To capitalize on this a scooterette Bajaj Sunny was launched. The brief was that it was simple-to-use vehicle that anyone could drive.
In the 1990s, youth between 16 – 18 years could drive a gearless two-wheeler with a license.
To capitalize on this a scooterette (a hybrid of a scooter and a moped), Bajaj Sunny was launched. It was cheaper than a moped, had better aesthetics but had the same fuel efficiency as a moped. It was positioned between a regular motorcycle and a scooter – a step-thru (a rider can sit on the vehicle and drive it by stepping through the frame and not over it like a motorcycle).
The brief to Ogilvy was that it was a very simple-to-use vehicle that anyone could drive without much training.

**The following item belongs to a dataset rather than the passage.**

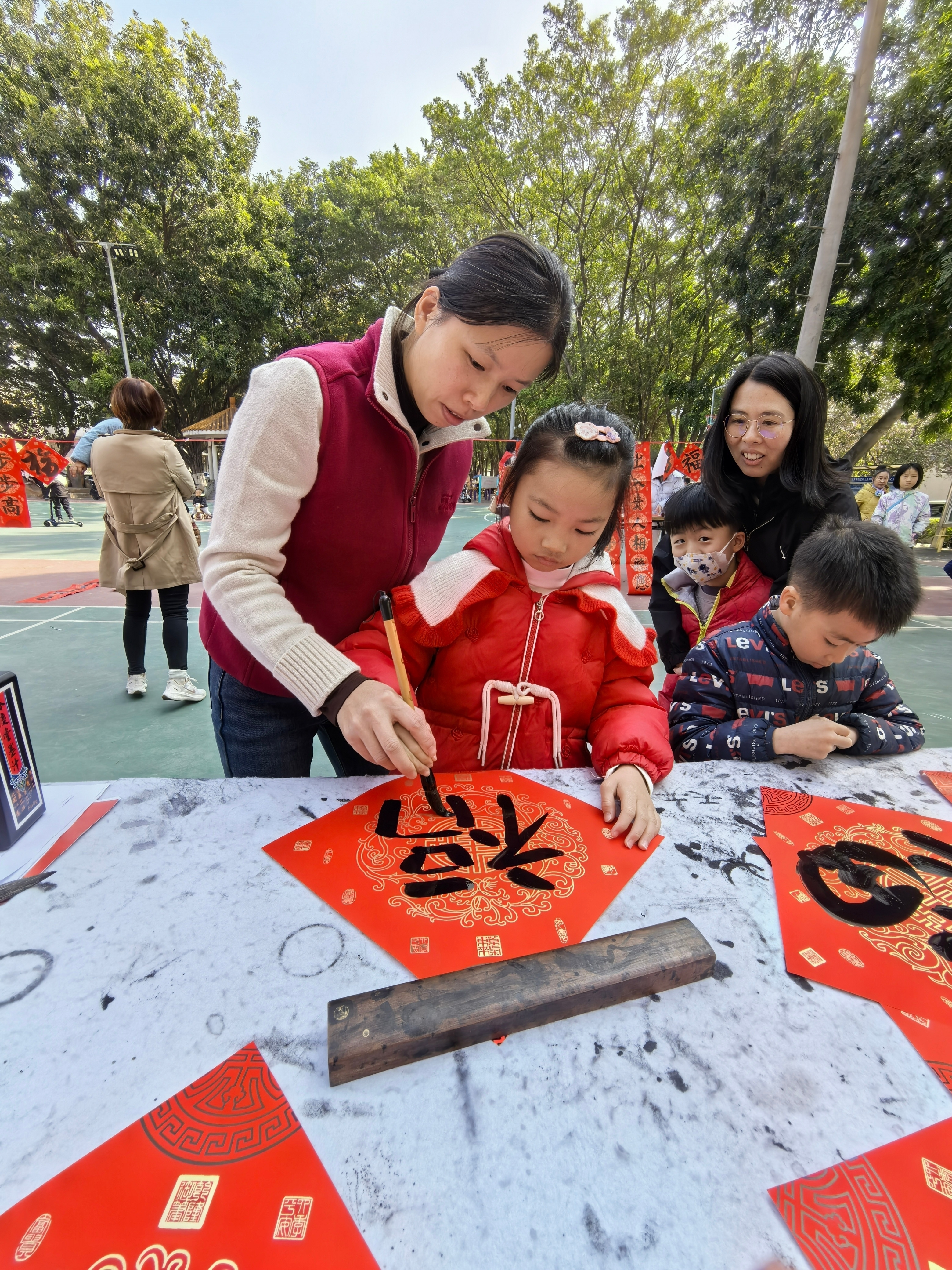 这次看成邀请了番禺区硬笔书道家协会的多位主干力量,声势巨大。除宋桂发主席与特邀嘉宾苏英英外,还有协会副主席刘颂茂、李伟林,主席团成员甘春院,副通告长莫申义,以及苏雅雯、苏子竣等理事与主干会员共同参与。他们把柄村民的喜好现场创作,有的写“福”字,有的写对子,有的写祥瑞语,让每一位前来的村民都能带着悠闲的作品回家。

Prasoon Pandey worked on this. He developed the idea of showcasing Sunny as the Simple Riding Machine, so simple, that even unaware African tribals could drive it. However, it took months for the people in the agency to get convinced of the idea before they presented it to the Bajaj’s.
Prasoon presented it. Rahul Bajaj approved it and on seeing Prasoon’s passion, told him that Prasoon should direct it himself. The first time he was doing so.
It wouldn’t be fair to say that only great advertising did the trick for Sunny. The lightweight single gear scooter was easy to manoeuvre and balance, which was cheaper than the rest, making it a great choice for older teens/ learners. Also, mopeds lacked the aesthetics or the storage compared to a scooterette like Sunny.
It also goes that even though the advertising was recognized the world over, this commercial was stopped by Bajaj as it affected the sensibilities of people from Africa.